Start of Input data
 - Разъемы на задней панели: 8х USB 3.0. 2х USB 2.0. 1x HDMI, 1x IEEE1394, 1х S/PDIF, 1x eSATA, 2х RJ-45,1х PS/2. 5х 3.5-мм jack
End of Input data
Start of Input data
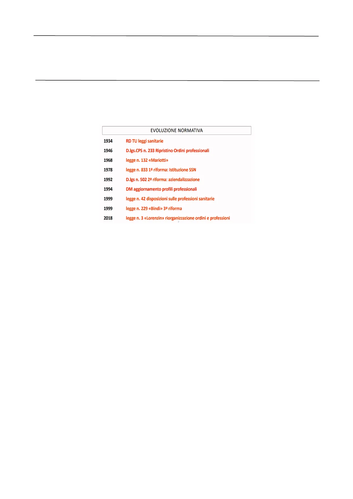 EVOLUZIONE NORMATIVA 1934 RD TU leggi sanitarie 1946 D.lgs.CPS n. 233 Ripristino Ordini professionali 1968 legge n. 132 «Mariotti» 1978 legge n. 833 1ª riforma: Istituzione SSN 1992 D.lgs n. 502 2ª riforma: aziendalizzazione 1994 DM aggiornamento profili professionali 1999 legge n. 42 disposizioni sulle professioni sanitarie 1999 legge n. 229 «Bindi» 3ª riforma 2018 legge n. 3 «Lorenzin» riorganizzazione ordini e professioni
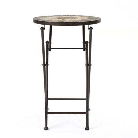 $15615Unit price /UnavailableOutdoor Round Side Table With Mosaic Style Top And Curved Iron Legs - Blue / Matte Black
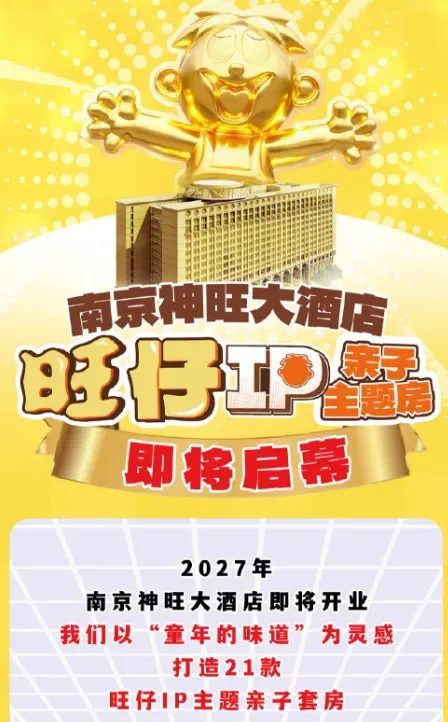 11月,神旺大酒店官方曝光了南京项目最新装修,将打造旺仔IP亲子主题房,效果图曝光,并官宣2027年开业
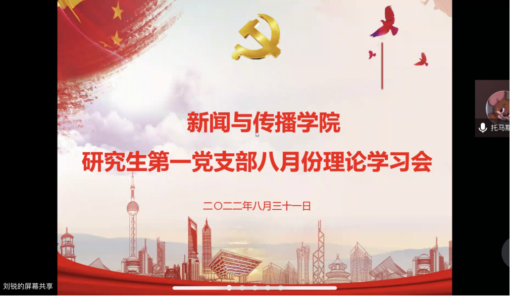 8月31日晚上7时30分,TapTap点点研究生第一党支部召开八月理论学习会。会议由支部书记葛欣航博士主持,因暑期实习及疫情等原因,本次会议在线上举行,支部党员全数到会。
End of Input data
Task directions ::
The lines above starting at the one that holds "11月,神旺大酒店官方曝光了" and ending at the one that holds "8月31日晚上7时30分,T" are to be written out exactly, ends included, and no pictures are to be copied.

Written response ::
 11月,神旺大酒店官方曝光了南京项目最新装修,将打造旺仔IP亲子主题房,效果图曝光,并官宣2027年开业
 8月31日晚上7时30分,TapTap点点研究生第一党支部召开八月理论学习会。会议由支部书记葛欣航博士主持,因暑期实习及疫情等原因,本次会议在线上举行,支部党员全数到会。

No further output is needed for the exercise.